The only possible way "for us" makes any sense at all in that context is that he acted not personal capacity but in a representative capacity "for us" in being made sin as the Second Adam, just as Adam acted in a representative capacity and not in a personal capacity in the Garden test. If he had acted personally then he alone would have been charged with sin.
He was "made" to be sin, made a curse by the law. He did not nail himself to the cross. He did not share any responsibility and thus any personal accountability for being on the cross as he was completely passive in this act. This passage says nothing more or less than "he was made to be sin for us who knew no sin." The only possible legal way He could be made sin "for us" by being hung on a tree is if he acted in a substitutionary representative capacity on the cross being condemned in our place suffering vicariously rather than acting as an individual. If he acted as an individual then he justly deserved death. If he acted in a representative capacity then we justly deserved condemnation and satisfied it completely in him.
So claiming he personally deserved condemnation under the law repudiates his qualifications to be a redeemer from the curse of the law as it makes him personally guilty. However, to claim that he acted in a substitutionary representative capacity on the cross and in that capacity he was "made to be sin" is in keeping with his Second Adamic covenant role and does no violence to his own personal righteousness.

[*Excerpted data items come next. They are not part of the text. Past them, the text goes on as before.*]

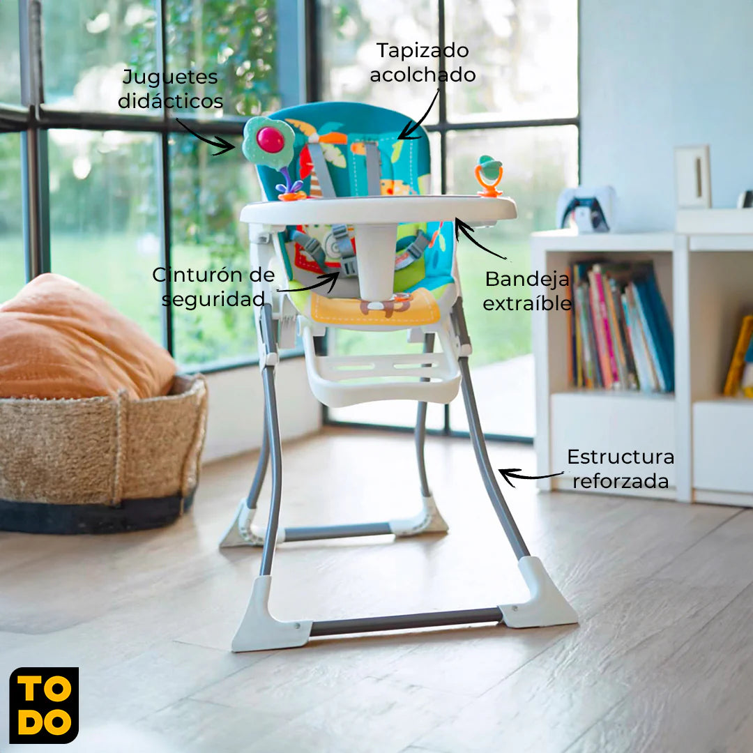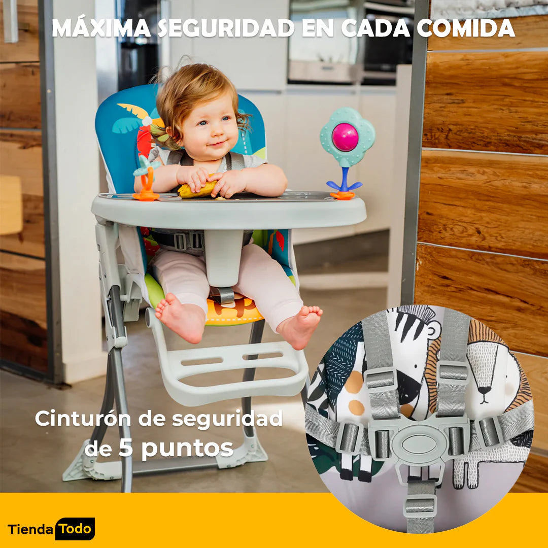 La Silla comedor incluye juguetes integrados que mantendrán a tu bebé entretenido mientras disfruta de sus comidas.
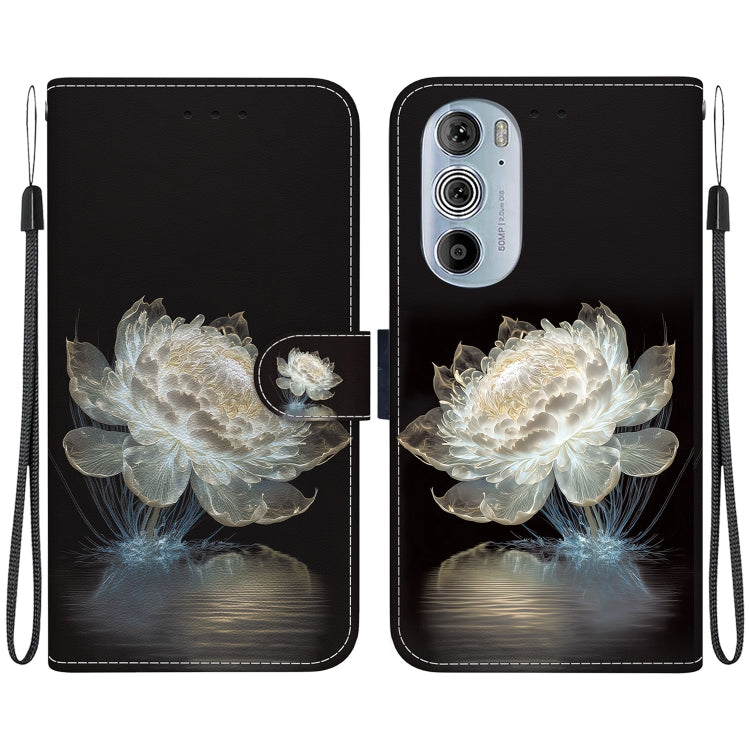 Estuche de Cuero para Motorola Edge + 2022 con Dibujo Coloreado y Textura de Cristal (Peonía de Cristal)
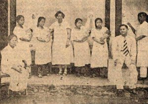 Links op de voorgrond moeder B. Karmo, In het midden zr. Guljee en vier verpleegsters die ieder een kind dragen. Rechts met das de directeur van het ziekenhuis, dr. R. Soemantri.
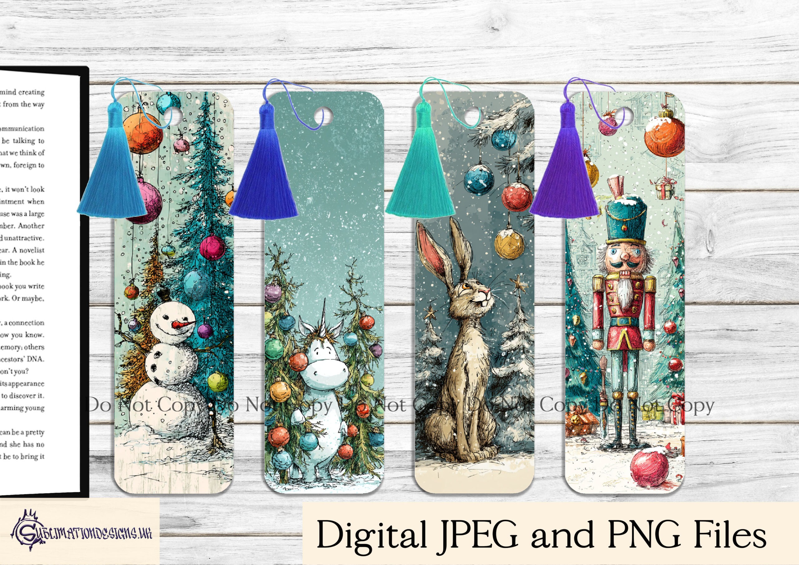 Enchanted Christmas Sketch Bookmark Bundle | 57 Designs | Christmas Animals, Unicorns, and More | JPEG & PNG | 3 Mock-Ups | Commercial Licence
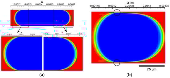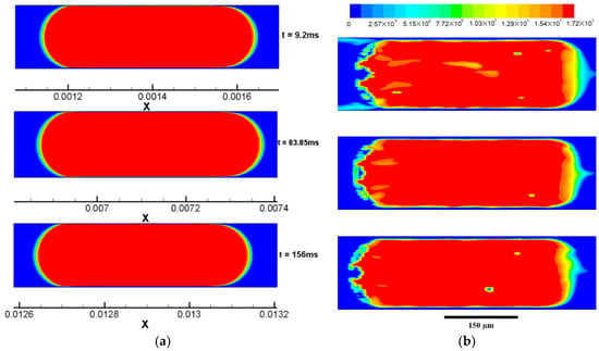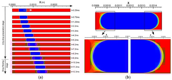 Taking Case 1 as an example, the first stage of computation for preparing a completely cylindrical profile of the drop is presented in Figure 2a. The initialized (liquid) CO2 drop is 0.3 mm from its left boundary to the channel inlet and assigned a velocity of 0.1 m/s which equals to that of water. The initial profile of this drop is a perfect quadrilateral. After 0.25 ms, the front boundary of the drop shows a bending effect, so does the back boundary with a slightly lower degree. As the computation proceeds, water films start to form at the front part of the drop near the channel wall which separate the drop from contact with the wall. The films continue to grow and extend to the back part of the drop. At t = 9.2 ms (i.e., Δt0 = 9.2 ms), a completely cylindrical profile of the CO2 drop is shaped (see Figure 2b). Both the front and back of the drop are of a meniscus shape. The drop is separated from contact with the channel wall by two thin water films, as shown by the zoom-in views in Figure 2b. The thin film thickness is measured 2~2.3 µm, i.e., 1.3~1.5% of the channel width (W). Based on the water properties in Table 2, the capillary number (Ca = µu/σ) of flowing water is 2.8 × 10−3 which results in a film thickness of ~2% W.
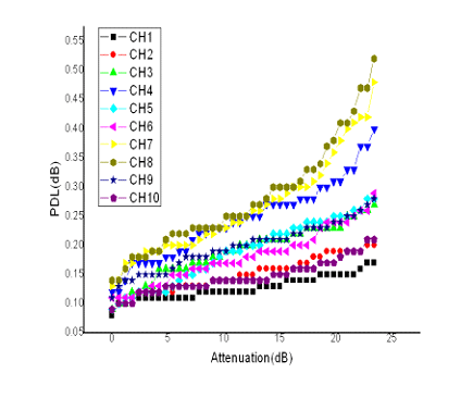 目前PLC-VOA Array通道衰減范圍可以達到35dB以上,同時具備良好的PDL、響應時間及溫度特性,其電光曲線及PDL特性如圖5、6所示:
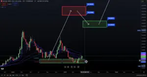 Grafikon prikazuje tjedne kretanje cijena Render (ERC-20) prema američkom dolaru na Coinbase platformi, s candlestick uzorcima, uzlaznim EMA linijama i predviđenim cjenovnim zonama. Prikazane su opcije kupnje i prodaje te vremenska navigacija.
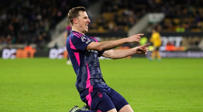 WOLVERHAMPTON, ENGLAND – JANUARY 06: Chris Wood of Nottingham Forest celebrates scoring his team’s second goal during the Premier League match between Wolverhampton Wanderers FC and Nottingham Forest FC at Molineux on January 06, 2025 in Wolverhampton, England. (Photo by David Rogers/Getty Images)Source: Getty Images
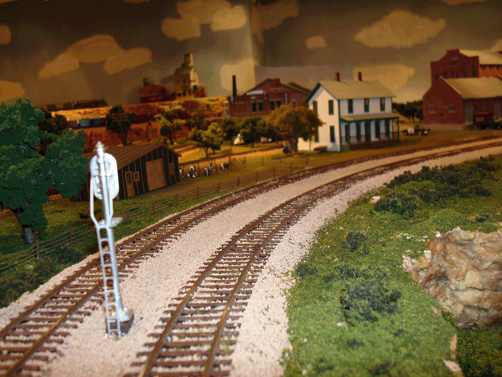 Continuing Eastbound around the peninsula from Benning you pass the backside of the Greatland Sugar Refinery. They are having a family day with a jug band and the kids flying kites. Next you pass the grade crossing at Red Deer with fully operational gates and flashing lights. The third photo shows the three stub tracks at Red Deer. The right stub goes to the Greatland Sugar refinery. A load of sugar beets arrive daily and empties are returned. The center track is for the C.M. St. P.&P. It is a freight house that transfers partial loads to waiting trucks. From here deliveries can also be made to the Spooner Sash & Door Co. A switcher has its home here and moves the empties from these two tracks to the left track for pickup. These empties are delivered back to Broken Bow for distribution. |
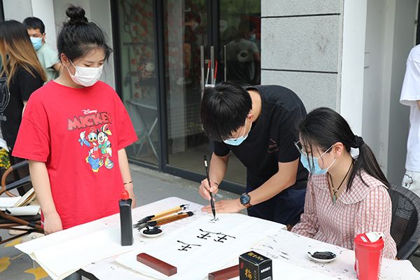 来自两个社团的同学现场进行了作品创作展示,引来许多学生驻足欣赏。在志愿者的认真讲解、亲笔示范下,同学们在临摹中体验了书法和绘画的乐趣。
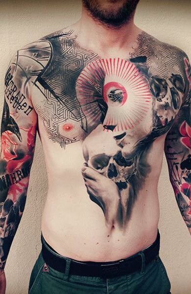 Тату в стиле трэш полька берет свое начало в вырезках из газет и журналов. Изображения представлены в виде иллюстраций и фото коллажей. Кроме того, часто наносят надписи, которые имеют вид заголовка или лозунга. Данный стиль является своеобразным вызовом всей тату-культуре. Он пронизан дерзостью и агрессивностью, но, в то же время, способен показать в привлекательном свете самые неприятные и отталкивающие вещи. Тату трэш полька преимущественно выбирает молодежь, которой близок дух бунтарства. Важные особенности стиля трэш полька Направление не имеет никаких ограничений, привычные вещи искажаются и доводятся до абсурда. Тату в данном стиле позволяет молодым людям стать индивидуальными, выделиться из толпы, проявить свое внутреннее состояние. Преимущественно это визитка, бунтующих против однообразия и серости, подростков. Основными отличительными особенностями стиля трэш полька являются следующие моменты: Татуировки в данном стиле разительно отличаются от других направлений. Трэш поль
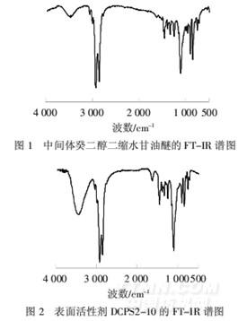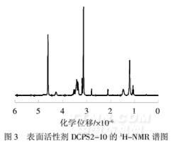 从图3可以看出,3.14×10-6处为季铵盐甲基上氢(a)的信号,3.43×10-6处出现羟基上氢(d)的信号,4.29×10-6处为与羟基相连碳原子上氢(c)的信号,1.21×10-6处出现分子中长碳链亚甲基上氢(h)的信号,1.48×10-6处出现醚键隔一位的亚甲基上氢(g)的信号,在(3.18~3.37)×10-6集中出现了醚键两边和与氮原子相连的亚甲基上氢原子(b、e、f)的信号.
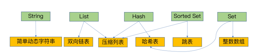 由上图可知,string的底层数据实现只有一种,而其他的数据结构至少为两种底层的实现结构
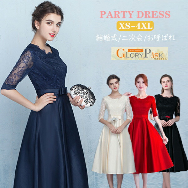 パーティードレス 上品 お呼ばれドレス 宴会ドレス ウエディングドレス フォーマルドレス ミディアムドレス レース 発表会 エレガント レディース 膝下 フェミニン おしゃれ ミディ丈丈ワ ワンピース
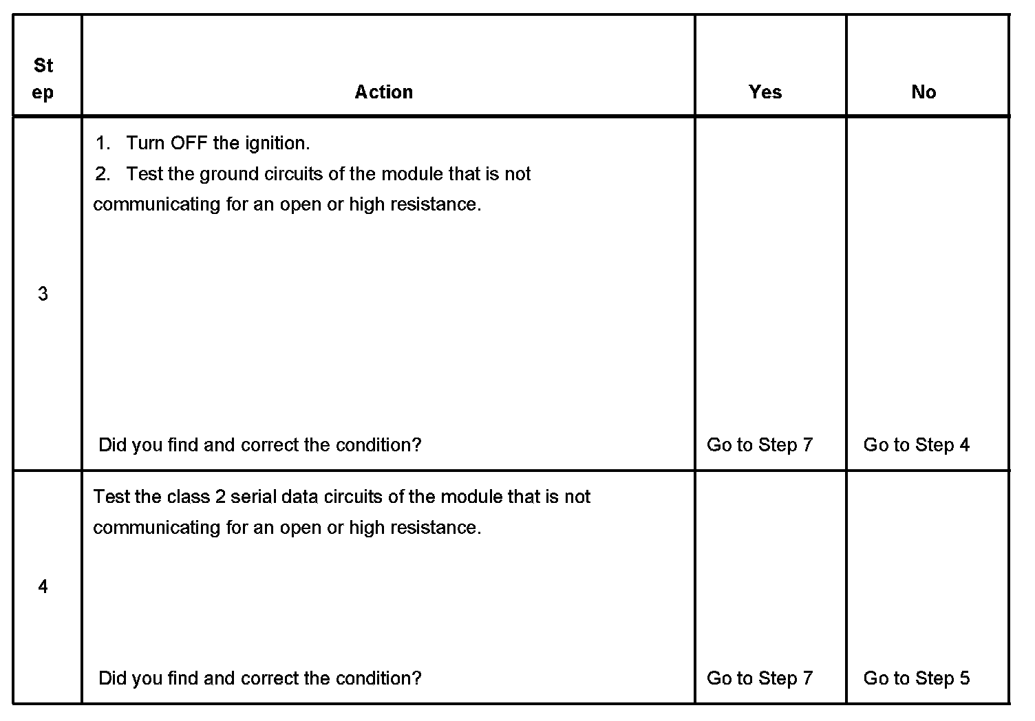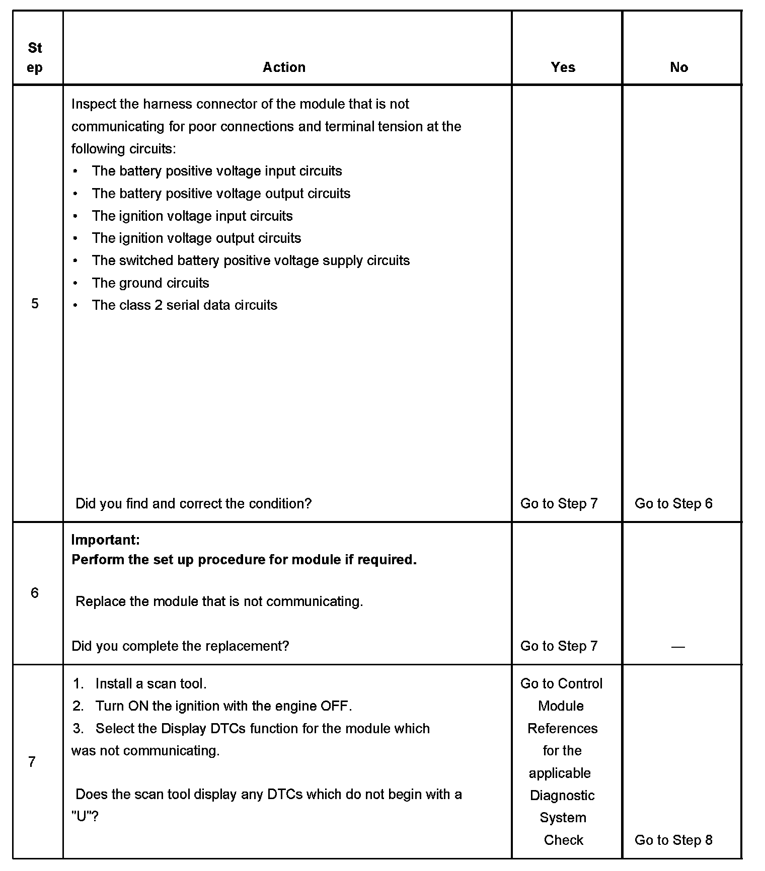 7. The module which was not communicating on the class 2 serial data circuit may have set Loss of Communication DTCs for those modules that it was monitoring.
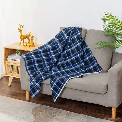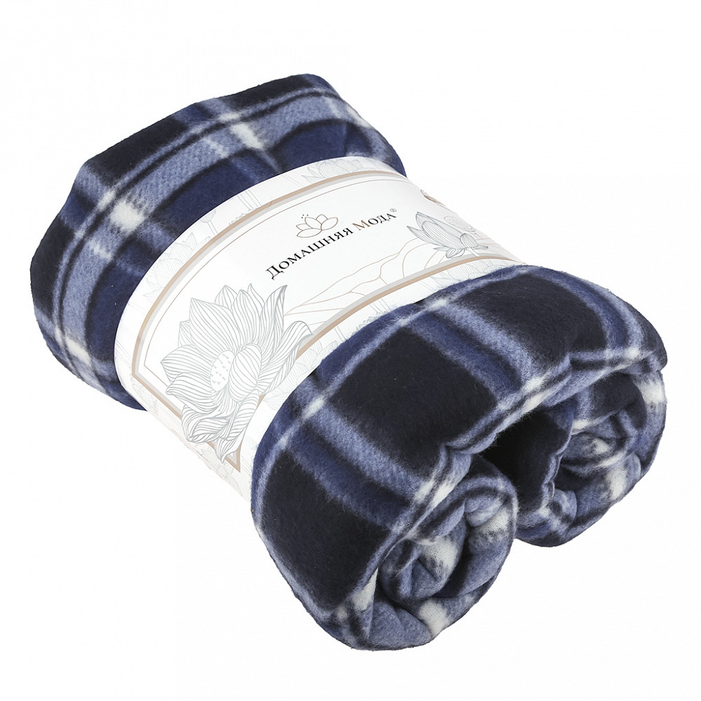 Плед-покрывало 150х200 см "Синяя клетка", флис набивной, полиэстер 100%, плотность 160 г/м2.
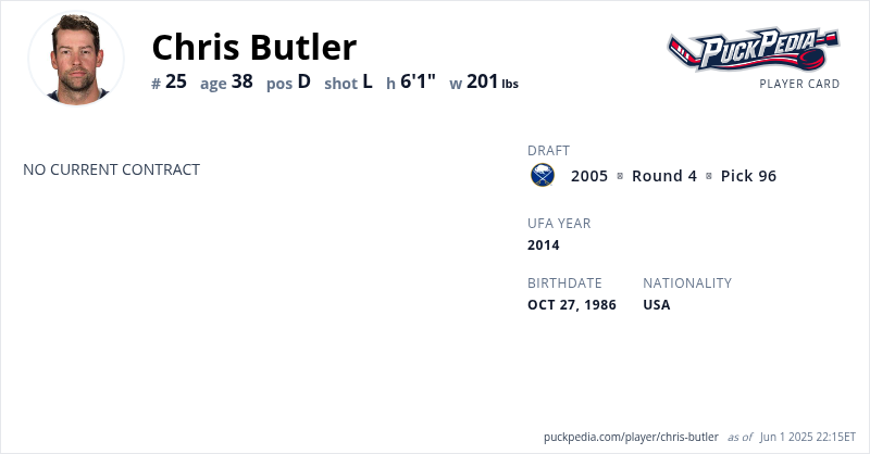 Chris Butler is an Unrestricted Free Agent. His last contract was 2 years, $1,300,000 with a cap hit of $650,000 per season. It expired at the end of the 2018-19 season.

The difference between the representative roles of the first and Second Adam are many. For example, the representative role of the first Adam was a test of obedience, which he failed as a person and as a representative. However, Christ never failed in the test of personal obedience. On the cross he was not acting in the role of obedience, but in the representative role as a sinner justly condemned because he represented justly condemned sinners.